Required work |
Using the records that follow, reproduce exactly the lines starting at the line containing "La siguiente imagen" and ending at the line containing "Robotic character mixed-media". Include both end lines and no pictures.

Data supplied |

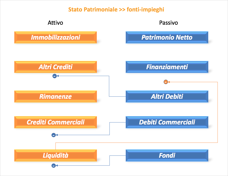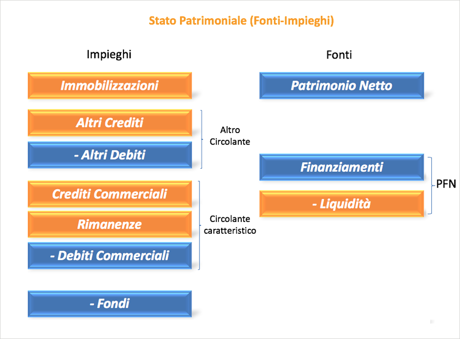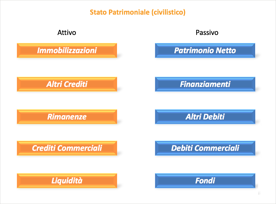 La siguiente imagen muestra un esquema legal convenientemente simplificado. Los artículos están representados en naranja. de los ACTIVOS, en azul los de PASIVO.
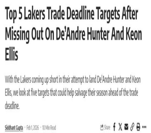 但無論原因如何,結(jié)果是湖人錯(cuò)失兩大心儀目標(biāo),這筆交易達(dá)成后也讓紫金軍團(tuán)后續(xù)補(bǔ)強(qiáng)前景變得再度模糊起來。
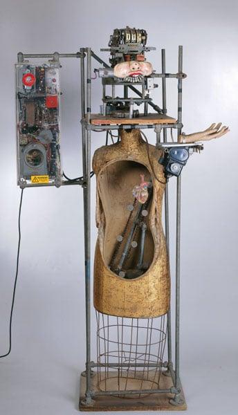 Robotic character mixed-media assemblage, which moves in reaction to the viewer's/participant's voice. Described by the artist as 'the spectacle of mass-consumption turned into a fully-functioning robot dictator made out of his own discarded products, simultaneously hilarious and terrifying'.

==

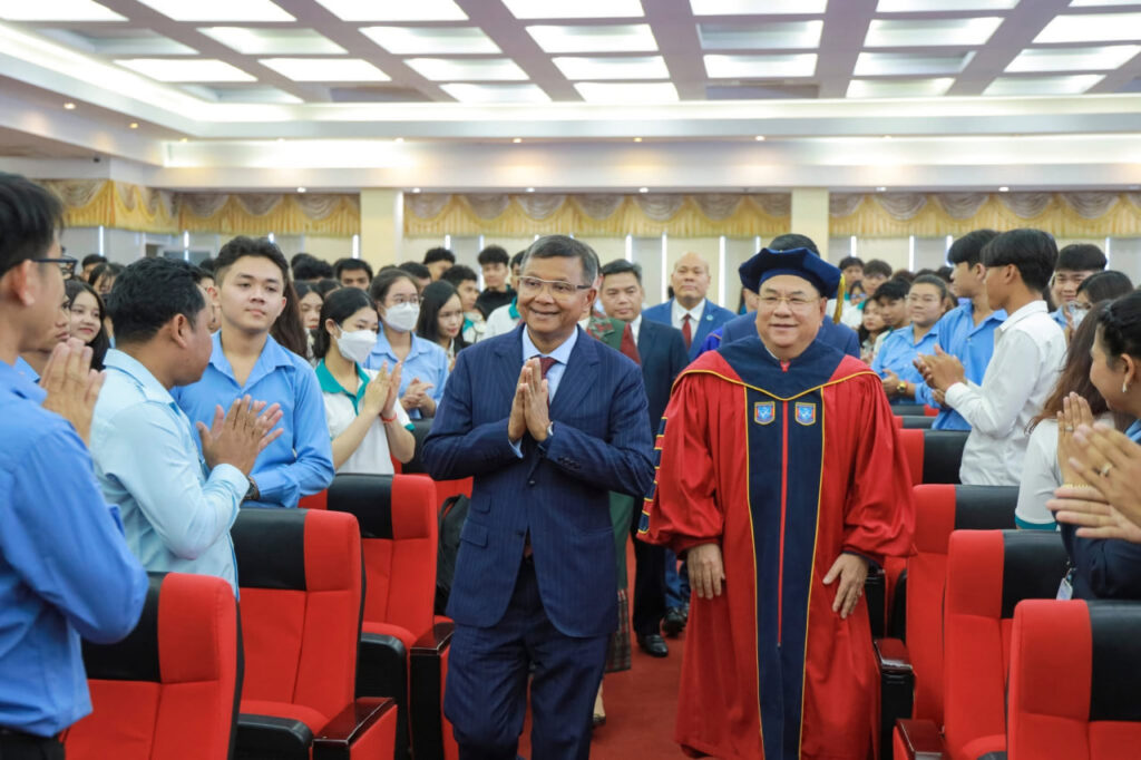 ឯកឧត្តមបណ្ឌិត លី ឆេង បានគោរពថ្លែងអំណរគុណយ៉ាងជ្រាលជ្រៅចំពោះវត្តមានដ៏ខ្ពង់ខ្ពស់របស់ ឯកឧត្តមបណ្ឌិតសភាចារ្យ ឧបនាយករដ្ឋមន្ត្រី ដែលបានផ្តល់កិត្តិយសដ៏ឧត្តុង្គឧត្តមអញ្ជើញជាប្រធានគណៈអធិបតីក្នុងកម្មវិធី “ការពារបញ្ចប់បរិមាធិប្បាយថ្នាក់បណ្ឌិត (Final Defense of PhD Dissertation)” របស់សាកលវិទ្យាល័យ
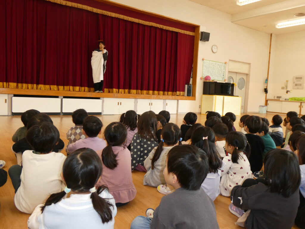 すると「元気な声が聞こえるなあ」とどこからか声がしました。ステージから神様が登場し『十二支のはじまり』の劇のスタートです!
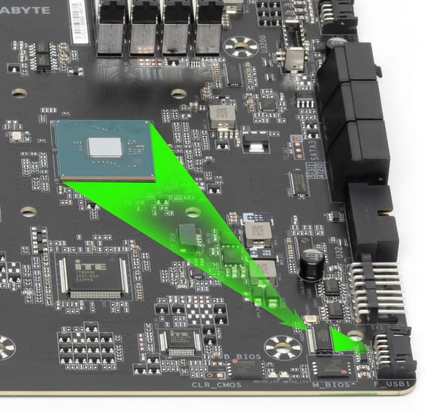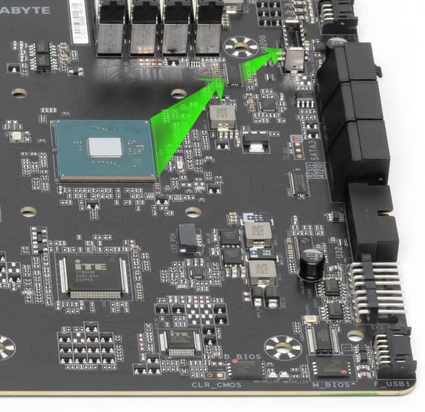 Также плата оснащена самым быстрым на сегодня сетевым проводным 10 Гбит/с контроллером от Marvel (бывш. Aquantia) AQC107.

--

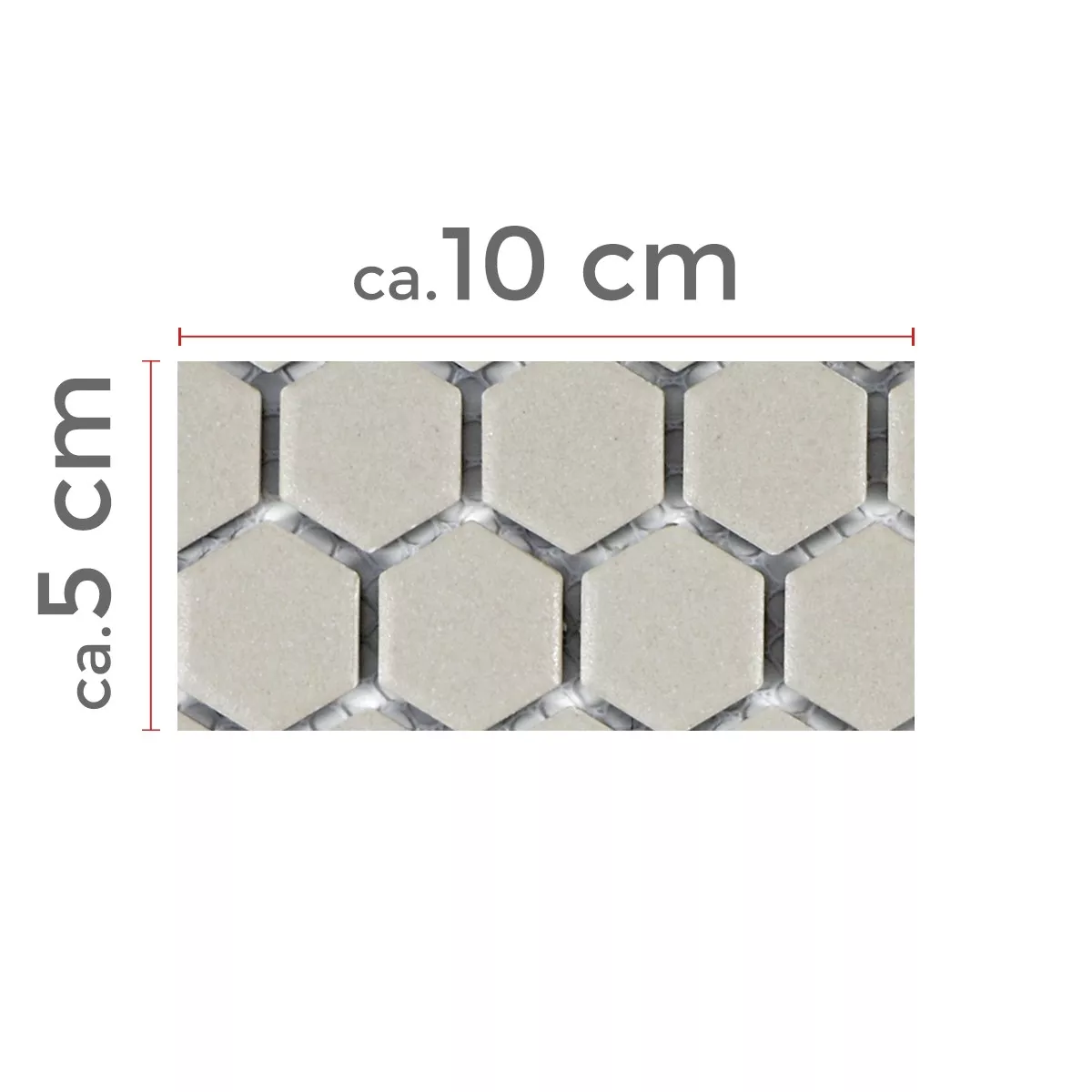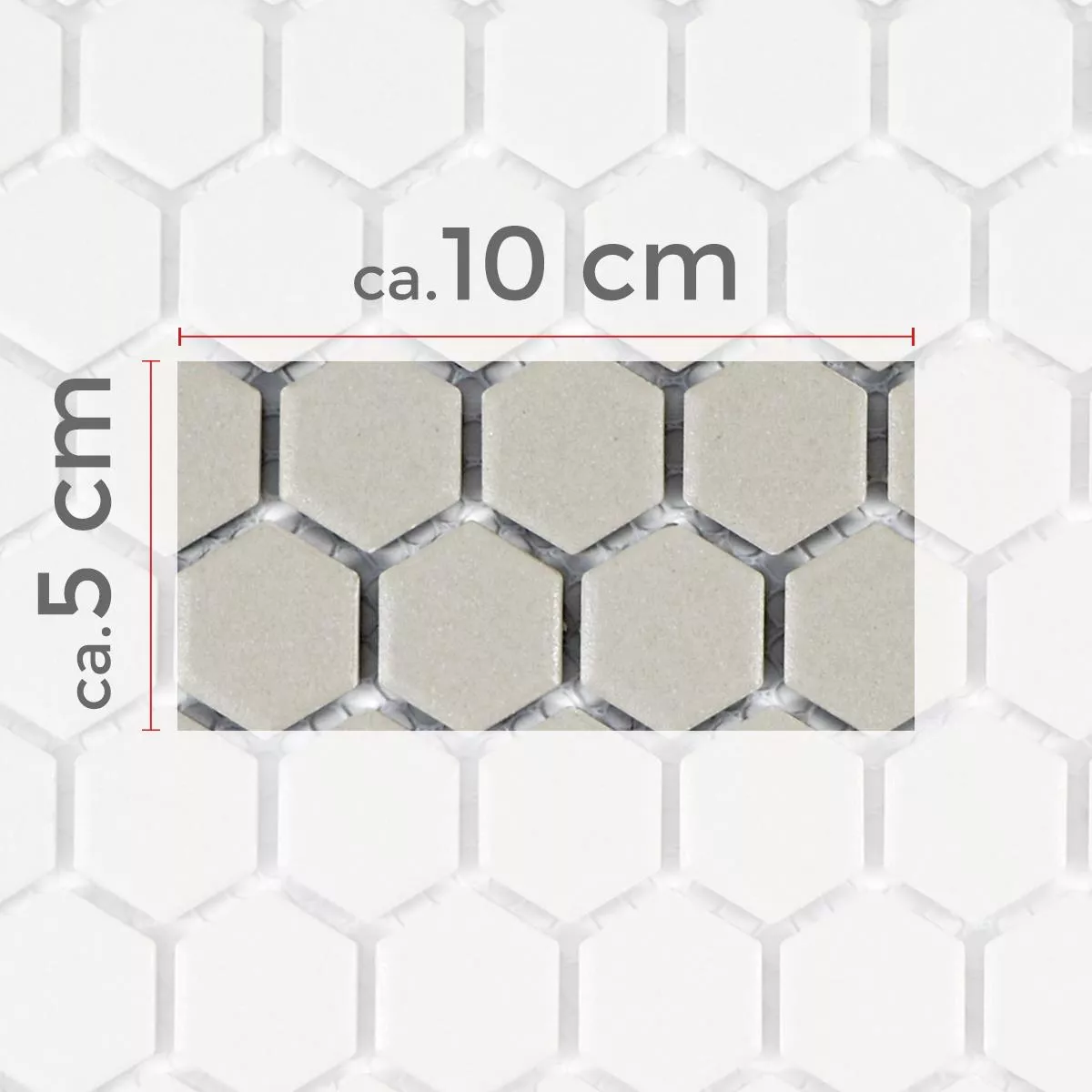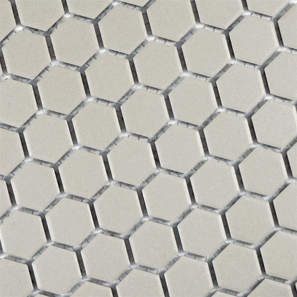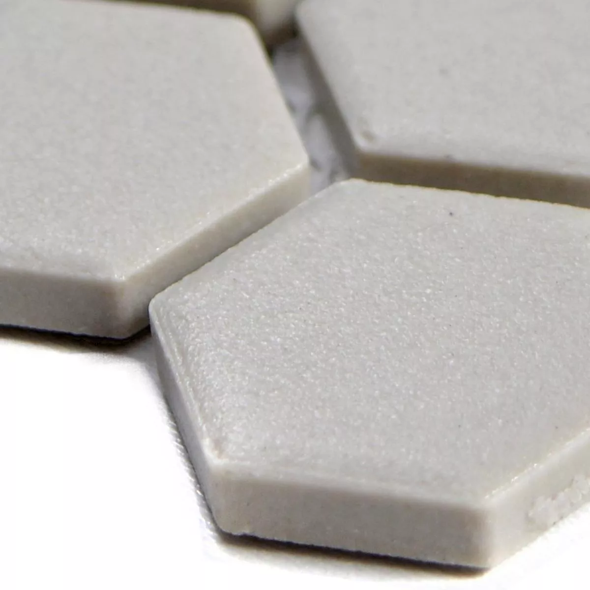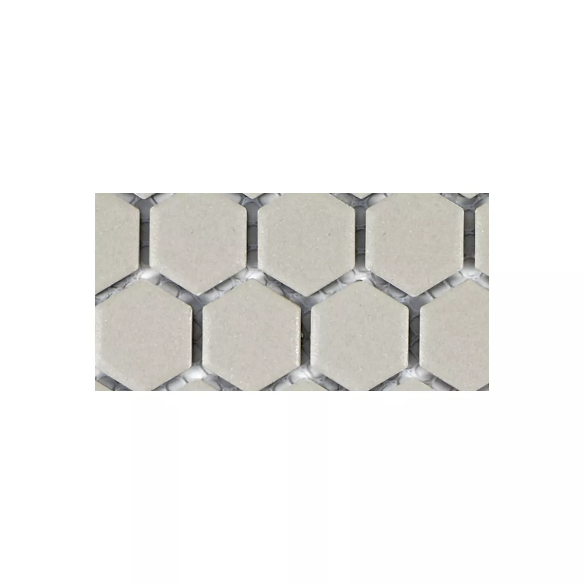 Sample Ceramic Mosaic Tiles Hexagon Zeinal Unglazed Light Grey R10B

Task response |
 La siguiente imagen muestra un esquema legal convenientemente simplificado. Los artículos están representados en naranja. de los ACTIVOS, en azul los de PASIVO.
 但無論原因如何,結(jié)果是湖人錯(cuò)失兩大心儀目標(biāo),這筆交易達(dá)成后也讓紫金軍團(tuán)后續(xù)補(bǔ)強(qiáng)前景變得再度模糊起來。
 Robotic character mixed-media assemblage, which moves in reaction to the viewer's/participant's voice. Described by the artist as 'the spectacle of mass-consumption turned into a fully-functioning robot dictator made out of his own discarded products, simultaneously hilarious and terrifying'.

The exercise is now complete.